- _Problem to work on_: Return only the lines below starting at the line containing "没有踩坑,二百块钱快餐太值得" and ending at the line containing "定价参照吡非尼酮,目前吡非尼酮月治疗费用在2000-3000,终身用药。", both included, exactly as they are and with no pictures.

━━━━━━━━━━━━━━━━━━━━━━━━━━━━━━

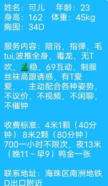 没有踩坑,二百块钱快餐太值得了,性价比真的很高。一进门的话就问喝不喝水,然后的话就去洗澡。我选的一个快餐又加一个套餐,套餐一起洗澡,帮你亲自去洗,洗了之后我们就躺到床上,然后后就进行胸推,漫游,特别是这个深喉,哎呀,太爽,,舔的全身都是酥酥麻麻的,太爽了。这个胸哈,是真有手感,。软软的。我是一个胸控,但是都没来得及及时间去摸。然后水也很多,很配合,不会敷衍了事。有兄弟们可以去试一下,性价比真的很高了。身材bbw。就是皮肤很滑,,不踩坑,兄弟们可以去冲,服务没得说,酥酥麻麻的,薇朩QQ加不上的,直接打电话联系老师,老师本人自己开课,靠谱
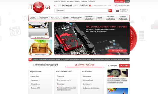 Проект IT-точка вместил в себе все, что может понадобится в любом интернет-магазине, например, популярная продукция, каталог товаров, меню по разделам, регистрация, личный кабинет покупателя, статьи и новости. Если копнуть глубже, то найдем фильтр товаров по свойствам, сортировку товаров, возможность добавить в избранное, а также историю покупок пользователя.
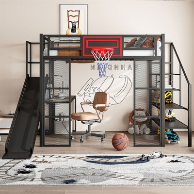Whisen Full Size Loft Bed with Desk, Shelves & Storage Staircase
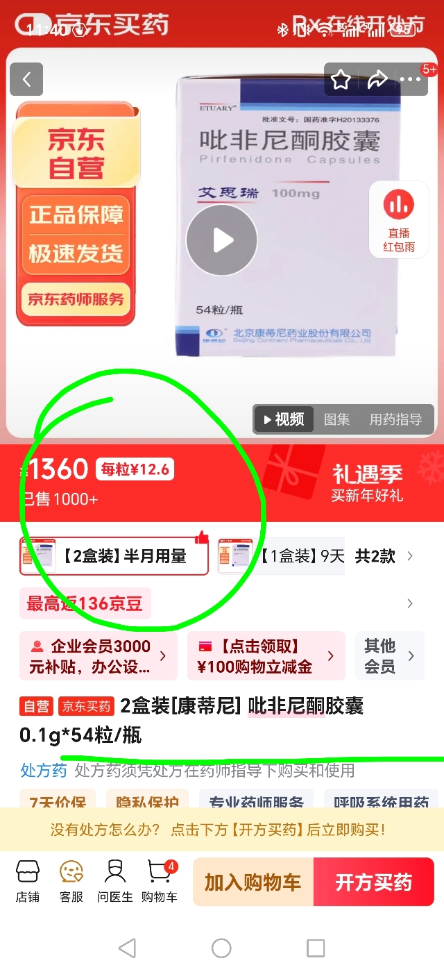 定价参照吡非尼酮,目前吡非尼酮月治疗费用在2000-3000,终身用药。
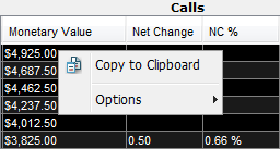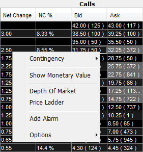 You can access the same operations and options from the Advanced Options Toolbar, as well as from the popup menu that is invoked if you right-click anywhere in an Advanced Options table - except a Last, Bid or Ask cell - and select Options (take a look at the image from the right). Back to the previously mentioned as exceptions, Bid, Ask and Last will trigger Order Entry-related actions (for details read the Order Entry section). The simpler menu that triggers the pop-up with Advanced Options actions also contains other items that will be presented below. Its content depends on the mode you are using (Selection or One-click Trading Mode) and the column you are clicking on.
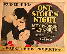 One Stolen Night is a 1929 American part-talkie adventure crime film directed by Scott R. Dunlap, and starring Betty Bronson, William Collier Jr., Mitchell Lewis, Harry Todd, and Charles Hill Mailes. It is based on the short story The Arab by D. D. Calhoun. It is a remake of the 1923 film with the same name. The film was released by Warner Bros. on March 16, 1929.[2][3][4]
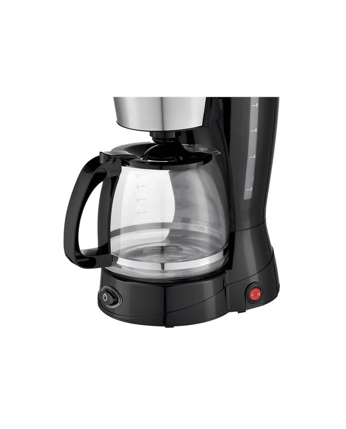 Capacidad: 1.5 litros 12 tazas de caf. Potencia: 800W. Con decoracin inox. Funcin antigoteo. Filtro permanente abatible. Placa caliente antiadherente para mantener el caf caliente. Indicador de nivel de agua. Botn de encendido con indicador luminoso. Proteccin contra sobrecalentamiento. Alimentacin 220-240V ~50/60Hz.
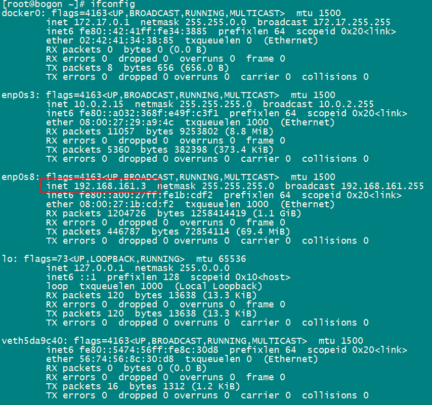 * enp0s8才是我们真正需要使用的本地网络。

━━━━━━━━━━━━━━━━━━━━━━━━━━━━━━

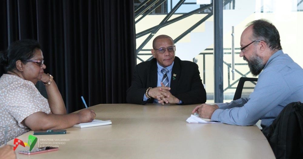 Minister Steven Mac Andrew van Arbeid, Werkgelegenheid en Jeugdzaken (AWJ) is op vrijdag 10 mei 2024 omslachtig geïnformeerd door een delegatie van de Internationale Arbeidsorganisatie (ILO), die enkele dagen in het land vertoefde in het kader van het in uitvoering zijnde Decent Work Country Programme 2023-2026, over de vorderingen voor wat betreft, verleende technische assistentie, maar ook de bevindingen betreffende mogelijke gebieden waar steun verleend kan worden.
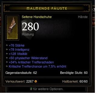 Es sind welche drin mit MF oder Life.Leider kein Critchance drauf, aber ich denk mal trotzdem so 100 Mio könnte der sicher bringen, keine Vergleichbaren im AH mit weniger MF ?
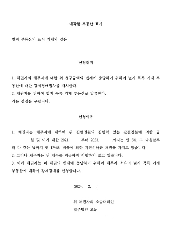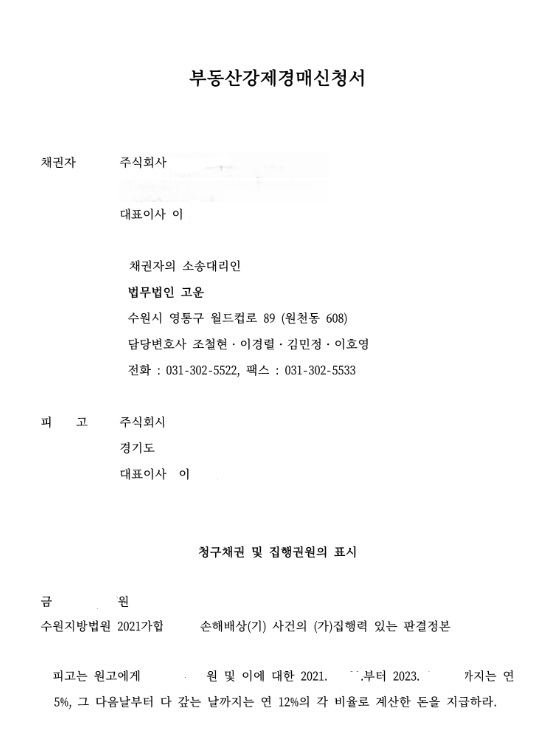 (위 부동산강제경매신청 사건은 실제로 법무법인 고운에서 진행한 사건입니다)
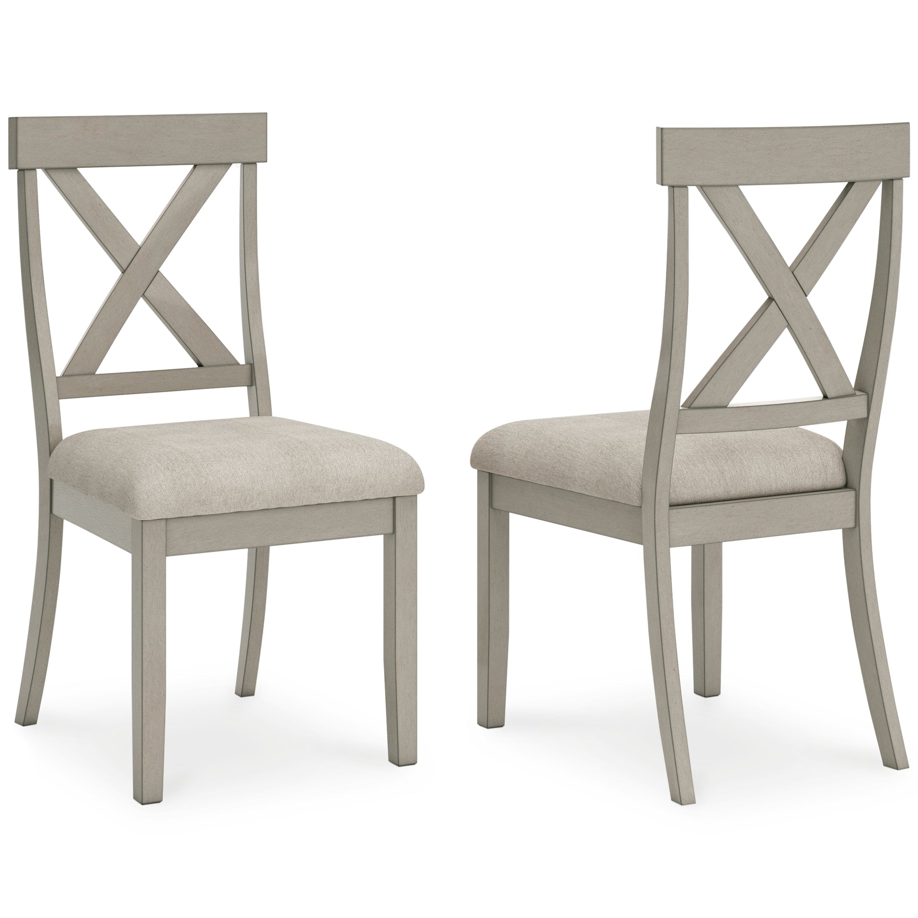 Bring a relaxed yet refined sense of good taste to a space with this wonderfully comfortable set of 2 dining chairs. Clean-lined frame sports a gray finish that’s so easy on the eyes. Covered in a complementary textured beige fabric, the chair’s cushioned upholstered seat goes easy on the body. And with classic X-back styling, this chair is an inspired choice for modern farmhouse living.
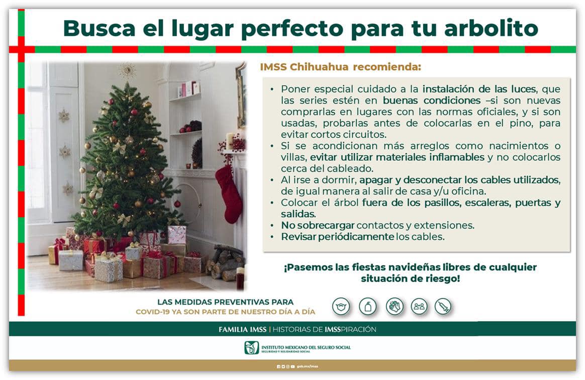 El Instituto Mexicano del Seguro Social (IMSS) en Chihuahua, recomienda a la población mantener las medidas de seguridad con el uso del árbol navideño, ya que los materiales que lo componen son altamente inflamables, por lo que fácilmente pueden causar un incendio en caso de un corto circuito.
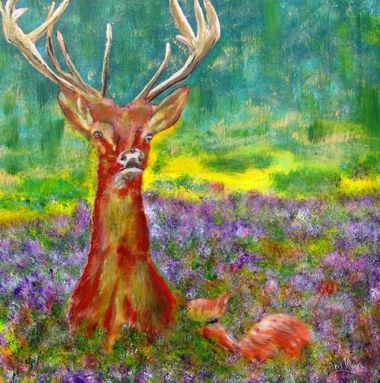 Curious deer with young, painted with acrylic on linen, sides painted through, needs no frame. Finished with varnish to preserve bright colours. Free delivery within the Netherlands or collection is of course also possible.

━━━━━━━━━━━━━━━━━━━━━━━━━━━━━━

- _Solution to this task_:
 没有踩坑,二百块钱快餐太值得了,性价比真的很高。一进门的话就问喝不喝水,然后的话就去洗澡。我选的一个快餐又加一个套餐,套餐一起洗澡,帮你亲自去洗,洗了之后我们就躺到床上,然后后就进行胸推,漫游,特别是这个深喉,哎呀,太爽,,舔的全身都是酥酥麻麻的,太爽了。这个胸哈,是真有手感,。软软的。我是一个胸控,但是都没来得及及时间去摸。然后水也很多,很配合,不会敷衍了事。有兄弟们可以去试一下,性价比真的很高了。身材bbw。就是皮肤很滑,,不踩坑,兄弟们可以去冲,服务没得说,酥酥麻麻的,薇朩QQ加不上的,直接打电话联系老师,老师本人自己开课,靠谱
 Проект IT-точка вместил в себе все, что может понадобится в любом интернет-магазине, например, популярная продукция, каталог товаров, меню по разделам, регистрация, личный кабинет покупателя, статьи и новости. Если копнуть глубже, то найдем фильтр товаров по свойствам, сортировку товаров, возможность добавить в избранное, а также историю покупок пользователя.
Whisen Full Size Loft Bed with Desk, Shelves & Storage Staircase
 定价参照吡非尼酮,目前吡非尼酮月治疗费用在2000-3000,终身用药。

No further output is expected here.